The problem can be solved by doing casework depending on whether he is asleep at midnight

[1] If he is not asleep at midnight

Within a day, He goes to bed and wakes up, so \(B<C\). Since he sleeps from \(B\) to \(C\) o’clock, the answer is No if \(A\) o’clock is in between, i.e. if \(B<A<C\). Otherwise the answer is Yes.

[2] If he is asleep at midnight

Within a day, he first wakes up, then goes to bed, so \(C<B\). Since he is awake from \(C\) to \(B\) o’clock, the answer is YEs if \(A\) o’clock is in between, i.e. if \(C<A<B\).

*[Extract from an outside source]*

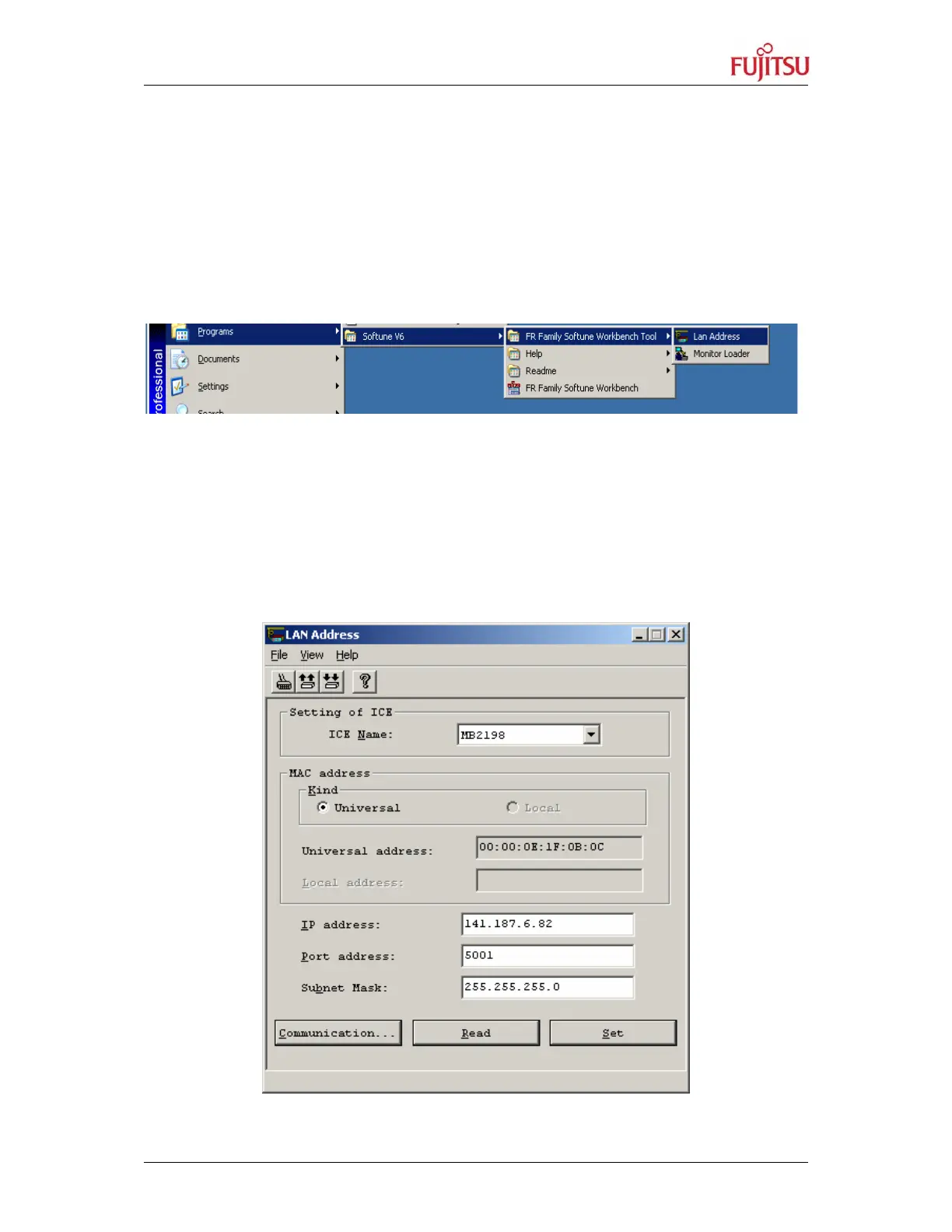 3 Start the „LAN Address“ Program in the Softune Workbench Folder

Otherwise the answer is No.

Sample code (Python)

A, B, C = map(int, input().split())
if B < C:
    if B < A < C:
        print("No")
    else:
        print("Yes")
else:
    if C < A < B:
        print("Yes")
    else:
        print("No")

Sample code (C++)

#include <bits/stdc++.h>
using namespace std;

int main()
{
  int A, B, C;
  cin >> A >> B >> C;
  if (B < C)
  {
    if (B < A && A < C)
      cout << "No" << endl;
    else
      cout << "Yes" << endl;
  }
  else
  {
    if (C < A && A < B)
      cout << "Yes" << endl;
    else
      cout << "No" << endl;
  }
}

In a problem with a lot of casework like this, it is sometimes effective to adopt the way that does not require a casework to avoid penalties due to oversight or mistakes in caseworks.

In this problem, one can use a while statement to avoid caseworks. Starting from \(B\) o’clock, increment the current hour of day one by one. If \(A\) o’clock comes before becoming \(C\) o’clock, then print No; otherwise, print Yes.

Sample code (Python)

A, B, C = map(int, input().split())
now = B
while now != C:
    if now == A:
        print("No")
        exit()
    now += 1
    now %= 24

print("Yes")